RISIKOMANAGEMENT ALS KERNAUFGABE DES MANAGEMENTS

Risikomanagement ist eine Kernaufgabe des Managements. Die Identifikation und Bewertung der Risiken wird von der jeweils zuständigen Managementebene verantwortet. In den Risikosteuerungsprozess eingebunden sind das integrierte Qualitätsmanagementsystem mit internen Konzernrichtlinien und ergänzenden Geschäfts-, Prozess- und Fachanweisungen für den Workflow in den operativen Bereichen, unterstützende Zentralbereiche und Konzernstabsbereiche mit technischen, rechtlichen und administrativen Dienst- bzw. Beratungsleistungen und die Interne Revision als neutrale und unabhängige Prüfinstanz.

Die Verantwortung für die Umsetzung des projektbezogenen Risikomanagementsystems in den Unternehmensbereichen wurde den kaufmännischen Unternehmensbereichsleitungen übertragen. Der Zentralbereich Projektbezogenes Risikomanagementsystem/ Organisationsentwicklung/ Internationale BRVZ-Koordination steuert die kontinuierliche Verbesserung und Weiterentwicklung des Risikomanagementsystems für die Beschaffung und Ausführung von Bauprojekten.
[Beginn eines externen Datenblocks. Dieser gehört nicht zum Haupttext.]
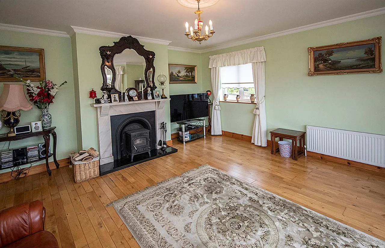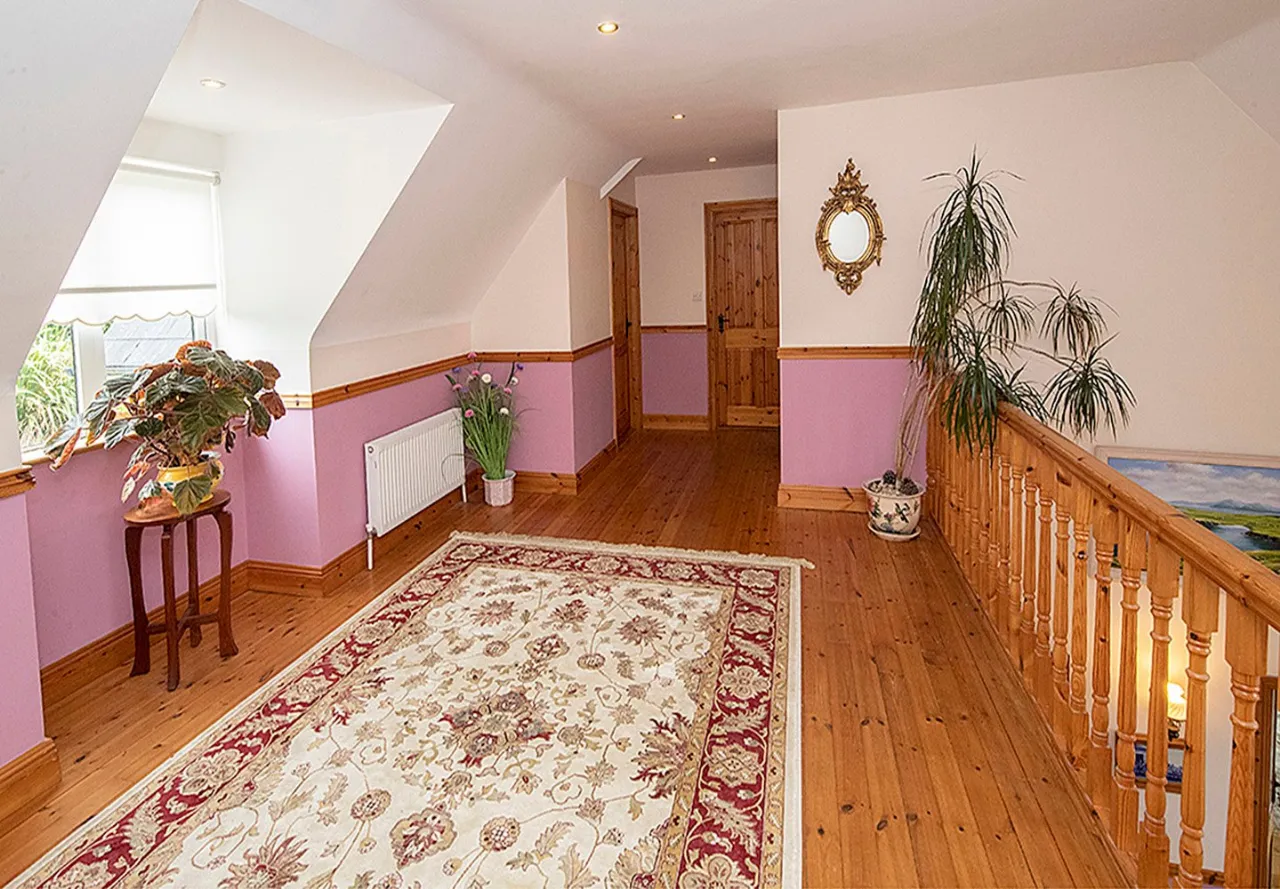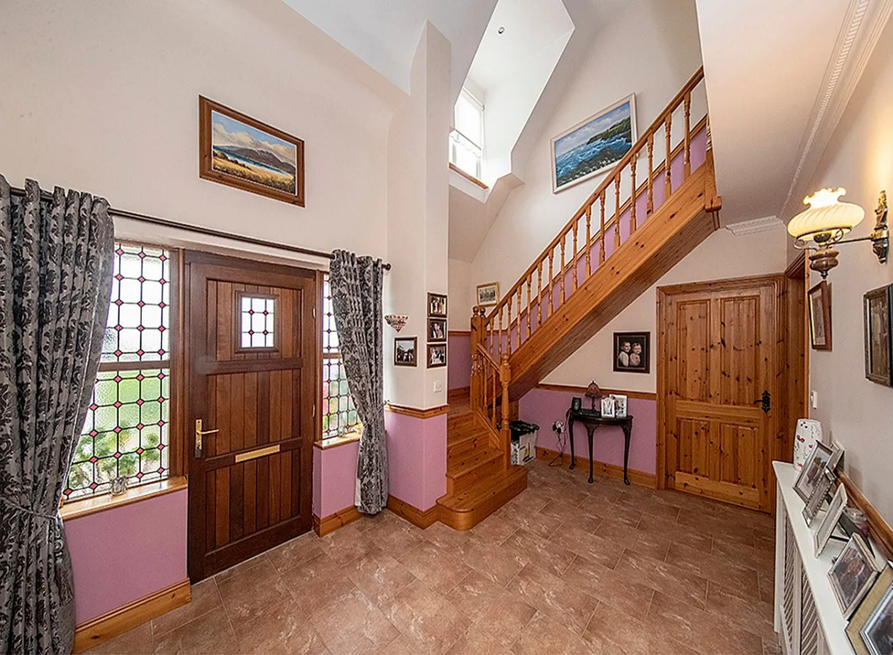 Built in 2005, the property boasts a pristine interior with an abundance of living space. On entering the property one is greeted by a spacious entrance hall with a feature staircase. The living room is off the hall and is a fine size room with an open fireplace.

Alle Führungskräfte von STRABAG sind im Rahmen der ihnen gestellten Aufgabe sowie gemäß Geschäftsordnung und relevanten Konzernregelungen verpflichtet,

  • mit den Mitarbeiterinnen und Mitarbeitern Maßnahmen zur Risikoerkennung zu setzen,
  • die Risiken zu überwachen,
  • zur Abwehr notwendige Gegenmaßnahmen einzuleiten und
  • relevante Informationen über Risiken an andere Stellen bzw. Ebenen im Unternehmen weiterzuleiten. Insbesondere diese Informationspflicht gilt für alle Mitarbeiterinnen und Mitarbeiter des STRABAG-Konzerns.

Es ist durch den STRABAG SE-Vorstand grundsätzlich untersagt, Geschäfte einzugehen, deren Realisation existenzielle Risiken bergen könnte.

RISIKOBEWÄLTIGUNG ANHAND VON DEFINIERTEN RISIKOKATEGORIEN

Im Rahmen der konzerninternen Risikoevaluierung wurden folgende wesentliche Risikokategorien definiert:

  • Externe Risiken
  • Betriebliche und technische Risiken
  • Finanzwirtschaftliche Risiken
  • Ethische Risiken
  • Personalrisiken
  • IT-Risiken
  • Beteiligungsrisiken
  • Rechtliche Risiken
  • Politische Risiken

Des Weiteren bestehen Risiken etwa hinsichtlich der Bereiche Arbeitssicherheit, Umweltschutz, Qualität, Business Continuity und Lieferkette, die im Rahmen des Managementsystems in eigenen Politiken beschrieben sind. Die Regeln in Bezug auf korrektes Verhalten im Geschäftsalltag werden über das Ethik-Business Compliance-System transportiert.

Unser Risikomanagementsystem ist in Anlehnung an ISO 31000 und an das Committee of Sponsoring Organizations of the Treadway Commission (COSO) in unser Integriertes Managementsystem eingebunden. Mit den von uns identifizierten Risiken gehen wir wie folgt um:

EXTERNEN RISIKEN WIRD DURCH DIVERSIFIKATION BEGEGNET

Die gesamte Bauindustrie ist zyklischen Schwankungen unterworfen und reagiert regional und nach Sektoren unterschiedlich stark. Die allgemeine wirtschaftliche Entwicklung, die Entwicklung der Baumärkte, die Wettbewerbssituation, aber auch die Verhältnisse auf den Kapitalmärkten und die technologischen Veränderungen am Bau können zum Entstehen von Risiken führen. Diese Risiken werden von den zentralen Fachbereichen und den operativen Einheiten kontinuierlich beobachtet und überwacht. Veränderungen bei den externen Risiken führen zu Anpassungen in der Organisation, in der Marktpräsenz und der Angebotspalette von STRABAG sowie zur Adaptierung der strategischen bzw. operativen Planung. STRABAG begegnet dem Marktrisiko durch geografische und produktbezogene Diversifizierung, um den Einfluss eines einzelnen Markts bzw. der Nachfrage nach bestimmten Dienstleistungen auf den Unternehmenserfolg möglichst gering zu halten. Um das Risiko von Preissteigerungen nicht allein tragen zu müssen, bemüht sich STRABAG um die Fixierung von Preisgleitklauseln und „Costplus- Fee“-Verträgen, bei denen auftraggeberseitig eine zuvor festgelegte Marge auf die Kosten des Projekts bezahlt wird.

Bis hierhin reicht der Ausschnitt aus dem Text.